Размер шрифта
-
+

Игра взаперти - стр. 34

Именно Фартей обучил Виталия теннису и монолог с упоминанием лейб-идеолога имел место благодаря ему. О другане наш будет повествовать Кате изрядно, и даже познакомит, однако умолчит о том, что товарищ не так давно звонко кинул любезного. Речь идет о грандиозной афере с прокруткой через оффшоры колоссальных сумм, в которой участвовали пара весьма высокопоставленных лиц и руководитель самой крутой, уралмашевской, группировки города, теперь бывший депутат городской думы, потому как покойный. И от которой отцепляли разную шушеру, коей Виталию довелось случиться. Примечательно, как его кучерявили. Ну, во-первых, банально закрыли. Несколько дней держали в камере, и каждый день демонстрировали записи телефонных переговоров и даже разговоров кухонных – они и были самыми компрометирующими – о разборках и иных, прямо скажем, не самых праведных делах. Сволочи, скрипел зубами Виталий, ведь он видел подозрительную десятку, недели две торчащую неподалеку от дома. Далее привезли в коммуникационный офис и компания вышеупомянутых прохиндеев – Фартей, гнида, вышел по неотложке – журила, перечисляя факты, за которые прямиком тут же, «легко», можно отправляться в незабываемое, и сопровождая каждое журилово ласковым пожеланием: «Тебе это надо?» Далее представитель славного трудового социума Уралмаш вывел Виталия вне и очень приватно пообещал содействовать в любых недоразумениях. Утешил себя Виталий единственно тем, что несколько дней позже подъехал к зданию, где располагался монстр, напихал в рожу водителю Фартеевского мерседеса, и на оном же укатил восвояси. Владей, соболезновал Фартей с широкого плеча.

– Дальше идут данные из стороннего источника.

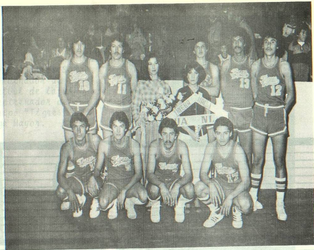
Los Tigres estuvieron presentes en Cd. Juárez, Chih. donde obtuvieron el cuarto lugar del Campeonato Nacional Estudiantil en Enero de 1981, dejando una grata impresión entre el público asistente.
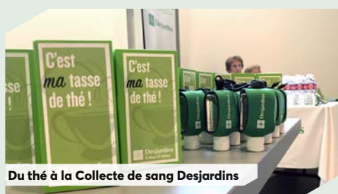
Du thé à la Collecte de sang Desjardins
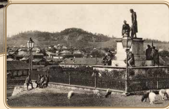
Нижний Тагил. Гора Высокая. Памятник Н.Н. Демидову. Нач. XX в. Nizhny Tagil. Mount Visokaya. Monument to N.N. Demidov. Early 20 th century
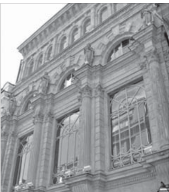
А аптеки Феррейна больше нет
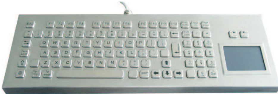
Abbildung US / Web-Layout, Seite 2: Abbildungen DE und US Layout
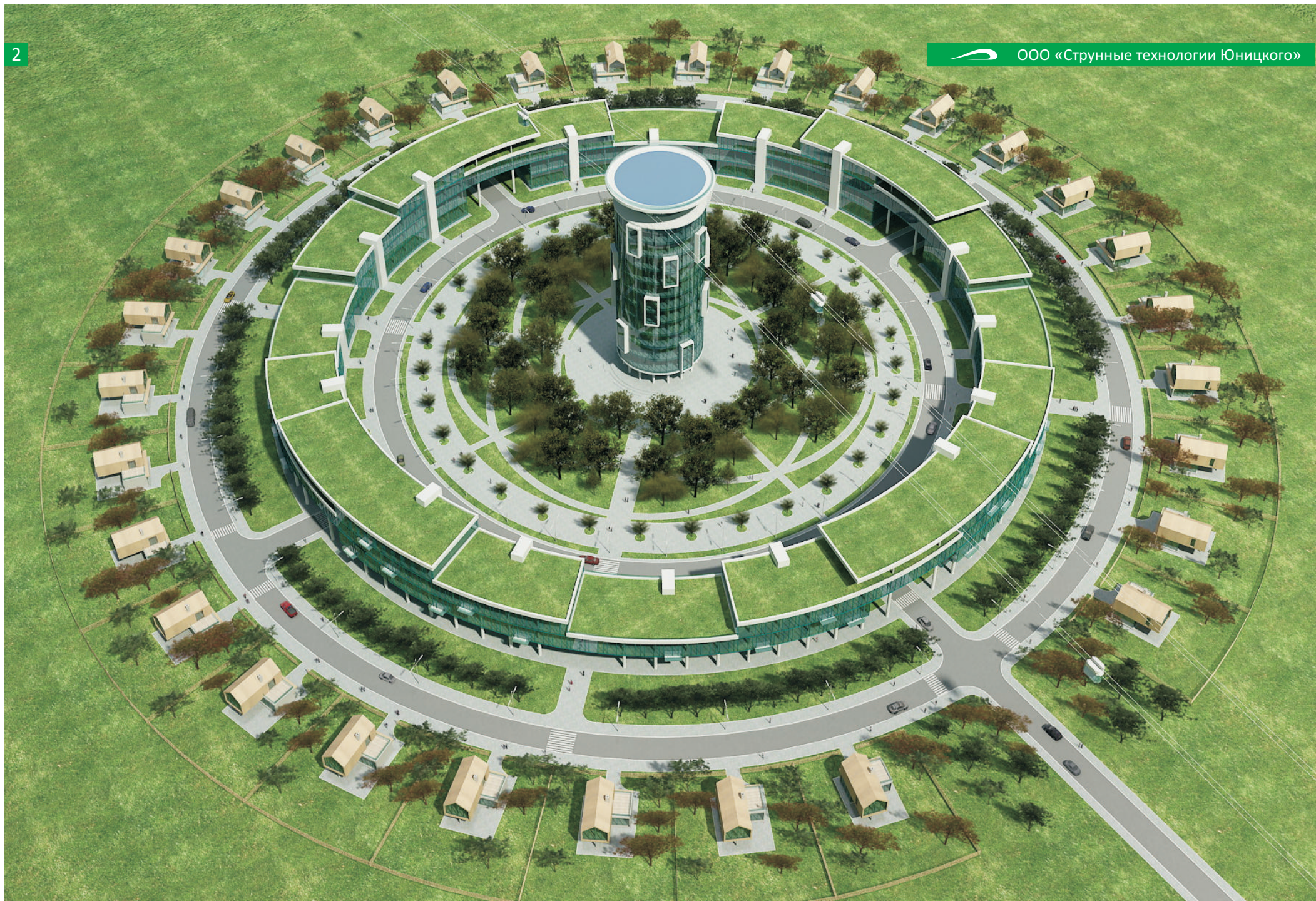
Загородный жилой комплекс «Оазис» (выполненный на основе технологий СТЮ)
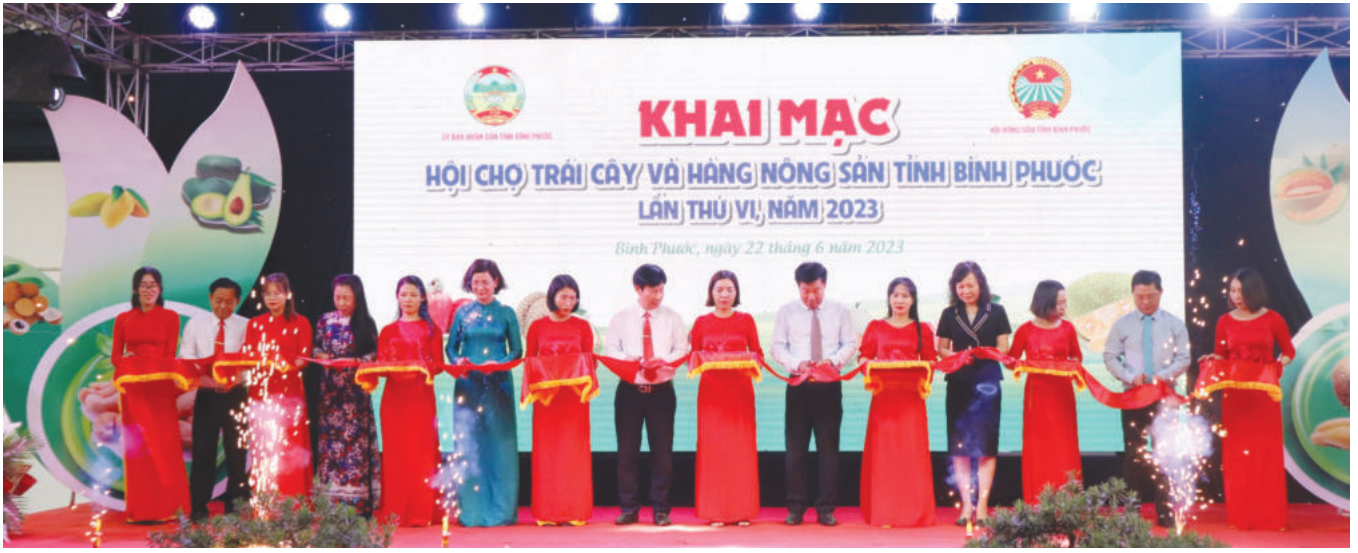
Bí thư Tỉnh ủy Bình Phước - ông Nguyễn Mạnh Cường và các đại biểu cắt băng khai mạc Hội chợ trái cây và hàng nông sản tỉnh Bình Phước

hiện Đề án phát triển hệ thống thương mại, TMĐT và thương mại biên giới tỉnh Bình Phước giai đoạn 2021 - 2025, định hướng đến năm 2030. Sở đã làm việc với UBND cấp huyện để rà soát, lựa chọn nhu cầu phát triển hạ tầng thương mại, TMĐT và thương mại biên giới trong thời gian tới. Trên cơ sở đó, lập danh mục các dự án đầy đủ cơ sở pháp lý, sẵn sàng GPMB, có cơ hội phát triển nhanh, bền vững để tham mưu UBND tỉnh kêu gọi thu hút đầu tư năm 2023 và những năm tiếp theo. Đôn đốc các lực lượng chức năng tại cửa khẩu, Ban Quản lý khu kinh tế, UBND 03 huyện biên giới phối hợp rà soát để xuất nội dung, các vấn đề phát sinh trong giải quyết những khó khăn, vướng mắc tại cửa khẩu, biên giới, những hạn chế trong hoạt động giao thương, xuất nhập khẩu biên mậu, công tác quản lý cửa khẩu và nhiệm vụ của địa phương trong phát triển thương mại biên giới để tham mưu UBND tỉnh chỉ đạo thực hiện. Đồng thời, thúc đẩy nhanh việc ứng dụng của doanh nghiệp (DN) và thay đổi thói quen tiêu dùng truyền thống của người dân nhằm đẩy mạnh phát triển TMĐT; thông qua Cục Quản lý thị trường tỉnh đẩy mạnh quản lý, kiểm tra, xử lý vi phạm kinh doanh hàng hóa trên các website TMĐT, các trang mạng xã hội.
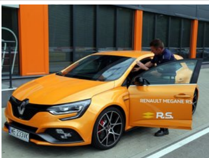
Kurs doskonalący technikę jazdy samochodem osobowym
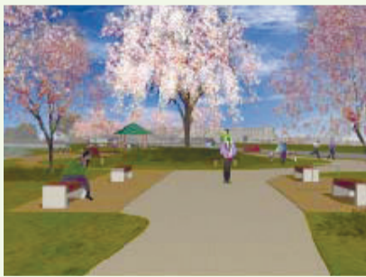
小枝橋公園のイメージ
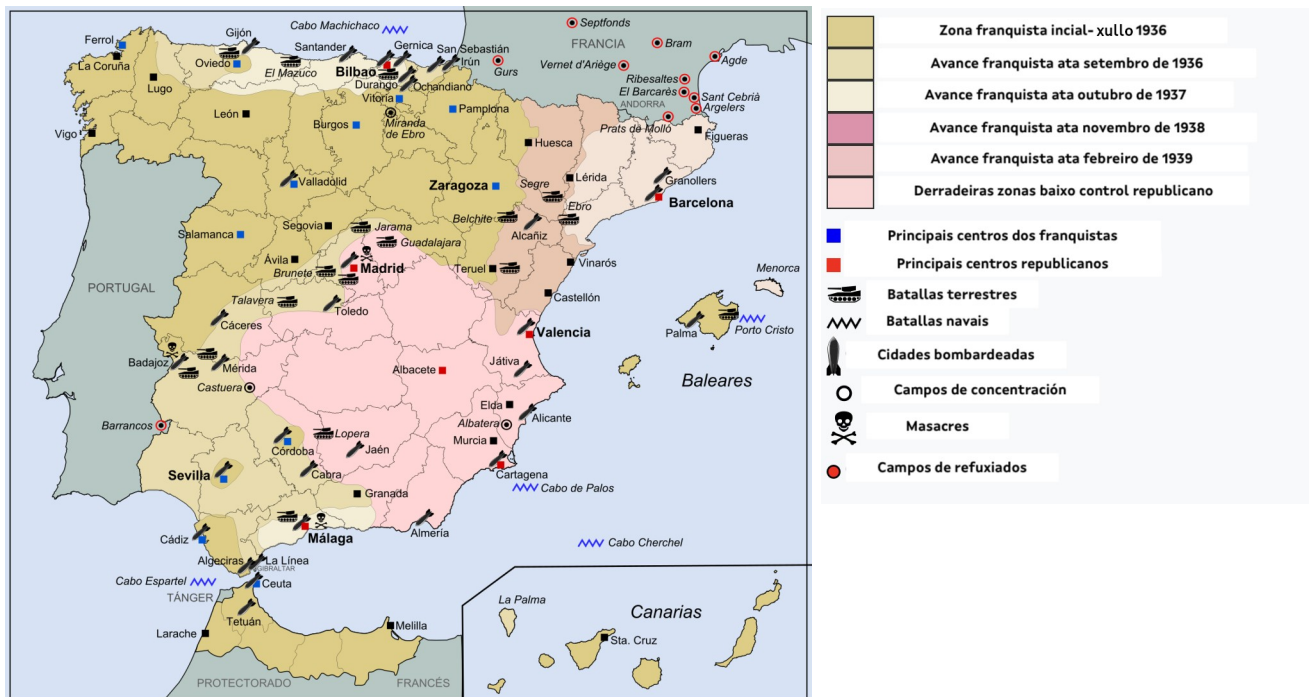
Mapa xeral da Guerra Civil española (1936-1939).

A evolución da guerra acostuma a dividirse en tres grandes etapas:
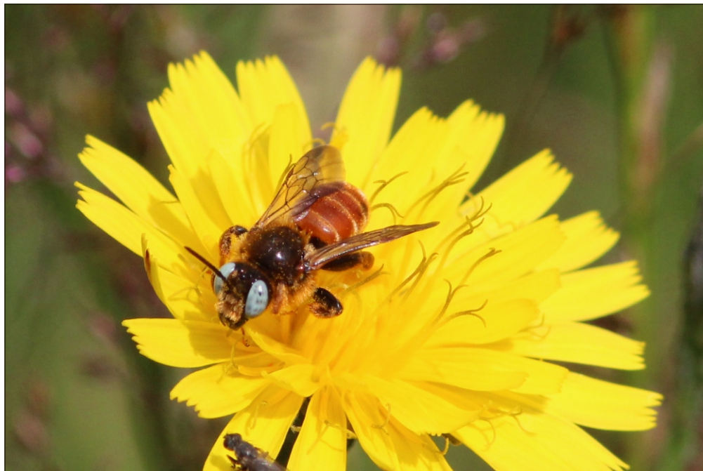
Fig. 2. Han af pragtbien Epeoloides coecutiens (Fabricius, 1775) ved Frøslev Mose (SJ). 22.VII.2012.

Biologi: Begge danske fundsteder ligger tæt på kysten. Ved Dynt Mark blev arten fundet på skvalderkål ( Aegopodium podagraria ), der groede ved et levende hegn umiddelbart inden for Gammelmark klinten. Halk Skydeterræn, der er en del af Natura 2000 område nr. 112 (Naturstyrelsen, 2013), ligger lidt nordligere i Sønderjylland, lige ud til Lillebælt. Begge lokaliteter må betragtes som gode findesteder for bier. Ved fem ture til Dynt Mark 2006-2011 er registreret 54 arter af solitære bier ud over Andrena synadelpha ,
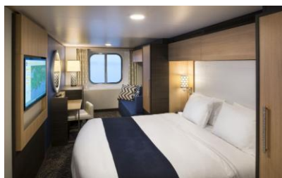
海景房 面積約 182 平方呎
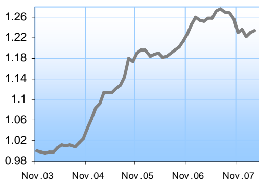
IP GAUJA daļas vērtība
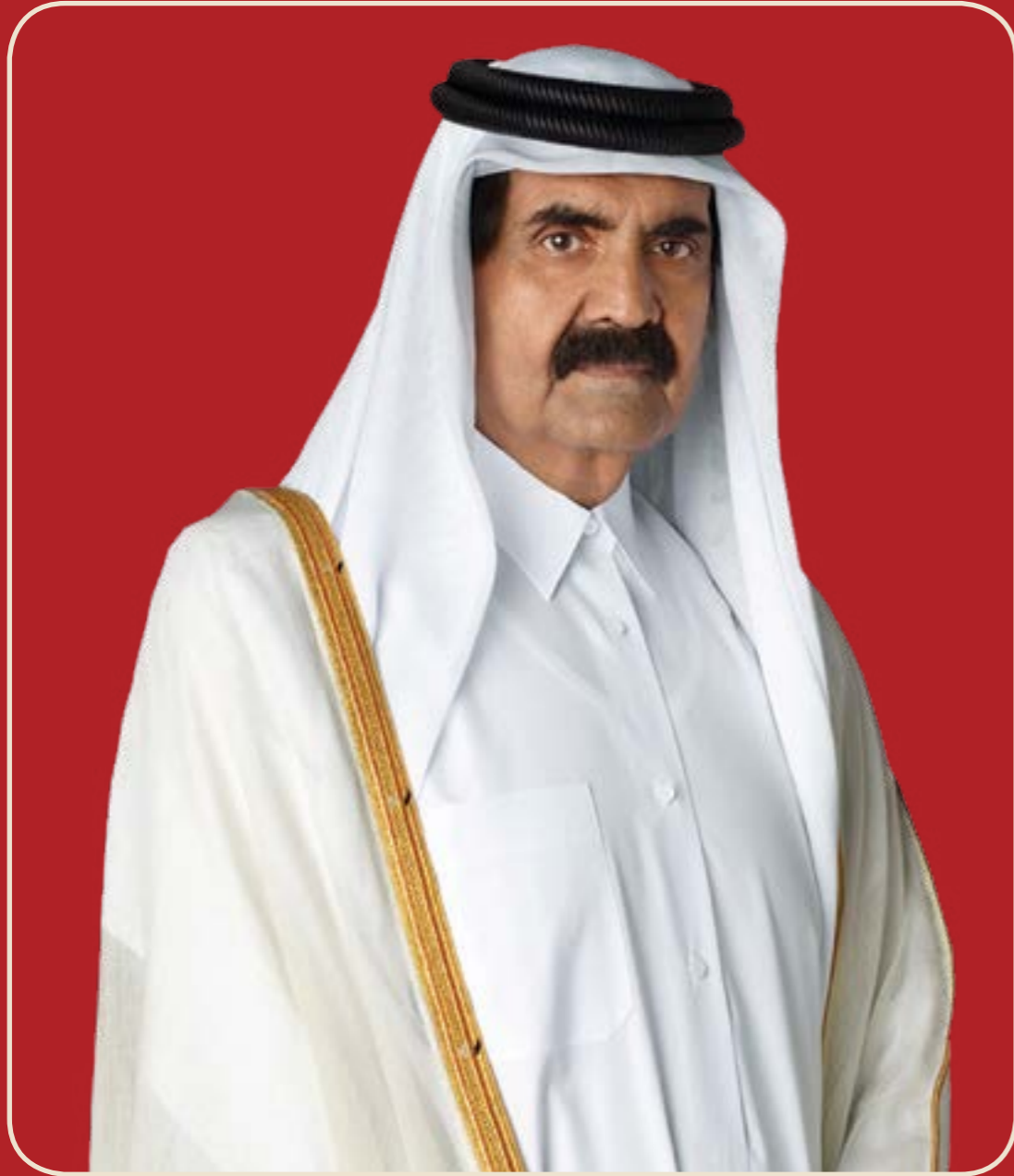
حضرة صاحب السمو الشيخ حمد بن خليفة آل ثاني الأمير الوالد
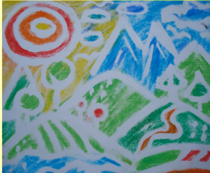
Gumotist - kresba klovatinou a vymývaná kresba suchým pastelem - fo
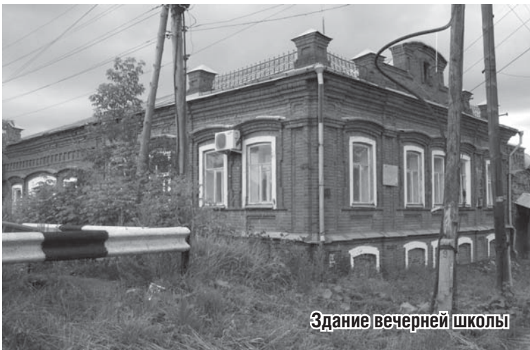
Здание вечерней школы
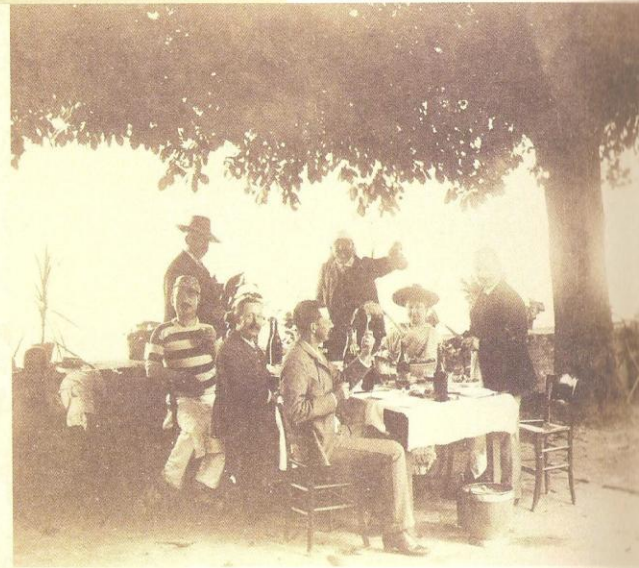
EN COUVERTURE : 1902, LE RESTAURANT BOCUSE AUJOURD'HUI ABBAYE DE COLLONGES, LES PÊCHEURS SUR LE CHEMIN DE HALAGE ET LE DÉJEUNER SOUS LES OMBRAGES. CI-DESSUS : L'ÉTÉ À COLLONGES, LE BORD DE SAÔNE ET LES BOULISTES.
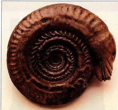
Λαξευμένο απολίθωμα αμμωνίτη, με τη μορφή φιδιού, 185.000.000 π.Χ., York, The Yorkshire Museum.

Έτσι εξηγείται, επίσης, σε μεγάλο βαθμό, η ανάπτυξη της Λαογραφίας στην Ελλάδα από τα τέλη του 19ου αιώνα, ως ανώδυνο υποκατάστατο της Γεωγραφίας. Η Λαογραφία ανέλυε την ποικιλία των ηθών και εθίμων στους διάφορους τόπους: θα μπορούσε λοιπόν να λειτουργήσει ως Πολιτισμική Γεωγραφία. Μετασχημάτιζε, όμως, τα αντικείμενά της σε εκδηλώσεις της ιστορικής συνέχειας του Ελληνισμού, καθώς αναζητούσε αναλογίες με τον αρχαιοελληνικό ή τον βυζαντινό κόσμο. Με τον τρόπο αυτό μετέτρεψε το χώρο σε χρόνο, τιθασεύοντας τη γεωγραφική πολυμορφία του βαλκανικού πεδίου. Η πολλαπλότητα των βαλκανικών πολιτισμικών μορφών αναγόταν σε μια κοινή ελληνική ρίζα, ενώ όσα στοιχεία αντιστεκόταν στην αναγωγή αυτή χαρακτηρίζονταν ξενόφερτα (και επομένως προς απόλειψη). Έτσι προετοιμάστηκε και νομιμοποιήθηκε προκαταβολικά η ελληνοποίηση, σύμφωνα με το πρότυπο του homo hellenicus , το οποίο δημιουργήθηκε στην Αθήνα από τα μεγάλα πνευματικά ιδρύματα, όπως το Πανεπιστήμιο ή η Ακαδημία.
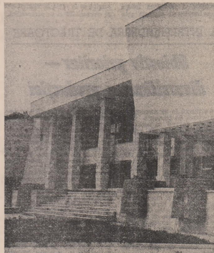
Casa de cultură din Sf. Gheorghe
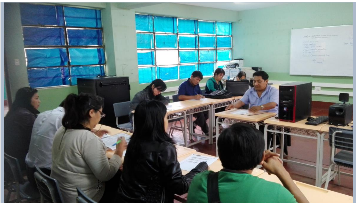
Trabajo con los Docentes sobre la implementación del Plan de Acción sobre Monitoreo, Acompañamiento y Evaluación Docente en la I.E N° 89 “Albújar y Guarniz”.
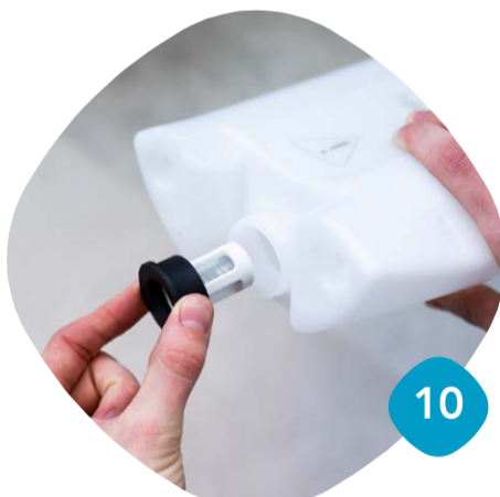
Ta ur silen & rengör
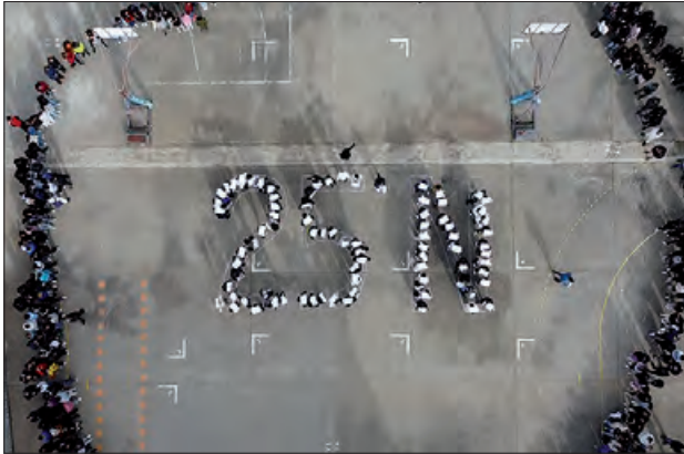
Mosaic gegantí al pati de l'Institut Almatà

L'Institut Almatà va commemorar el Dia Internacional per a l'Eliminació de la Violència envers les Dones amb diverses activitats de sensibilització i reflexió. A les hores de tutoria, l'alumnat va participar
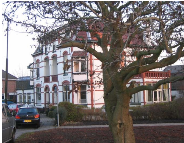
Villa Rhuysicht / Sonnevanc

hoekblokken zouden dus de enige bebouwing in dit park zijn. In de loop van de tijd zijn de groenstroken echter bebouwd en zijn de wandelpaden van toen vervangen door geasfalteerde wegen.
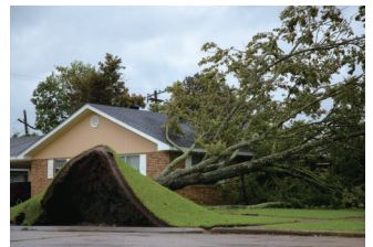
29日,在美国路易斯安那州摩根城,一棵大树被飓风吹倒。

美国电力监测网站的实时数据显示,截至美东时间29日23时,路易斯安那全州近百万户家庭和企业断电,密西西比州断电用户逾3万。强降雨还引发洪水,美国国家气象局29日晚发布紧急警告,要求路易斯安那州一些地区的居民尽快疏散到地势更高的位置避险。路易斯安那州是美国当前新冠疫情的重灾区之一,新奥
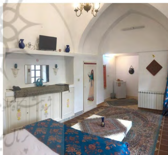
تصویر ۱. زوایای مختلف یکی از فضاهای اقامتی هتل سنتی نگین.

پتو می‌پوشاندند تا هوای زیر آن گرم بماند. افراد خانواده دور کرسی می‌نشسته‌اند و پاهای خود را برای گرم شدن زیر کرسی می‌گذاشته‌اند. همهٔ خانه‌ها در زمستان، حداقل در یک کرسی می‌گذاشته‌اند. - درست کردن لواشک و میوهٔ خشک، خواب شب تابستان و در هنگام عروسی‌ها، نگاه کردن از بالا به حیاط و کوچه در مسیر جهازبرون از فعالیت‌هایی است که در پشت‌بام حادث می‌شده است.
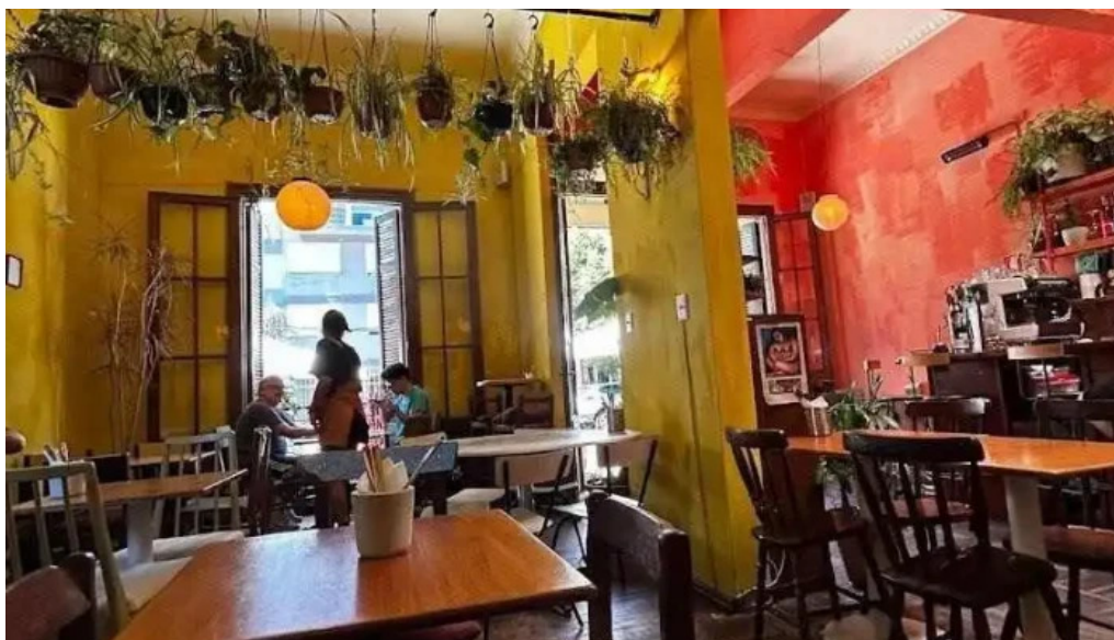
Pantagruel bar ambiente
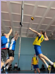
Соревнование по волейболу среди молодых педагогов города
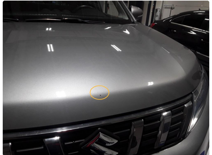
1.1 Noe steinsprut på panser
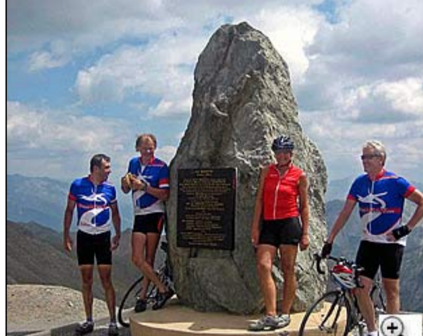
Die Fernfahrer auf dem Cime de la Bonette, der höchsten Passstraße Europas.

Жилось в житнице привольно. Забубенил себе Виталий четырехэтажный коттедж. Еще квартиру трехкомнатную содержал – здесь обитали его люди: Коля Ташкентский, Волк, Франц. Кстати, когда Фартей приезжал, его здесь же селили: раскладушечку раздвинут – лежи, не барин. Девиц квартира полна. Молодки на Украине гарные: волоокие, губощекие, при формах и желании лет с пятнадцати. При этом мужская сила у Виталия отменная. Раз буховастенек на квартире той уснул и все сон какой-то тревожный, нервный. Проснулся, ну жаловаться – дескать, ерунда лезла. Соколы давай ржать. Чего это? – обиделся Виталий. Да тебя ж, пока спал, Оксана полчаса имела.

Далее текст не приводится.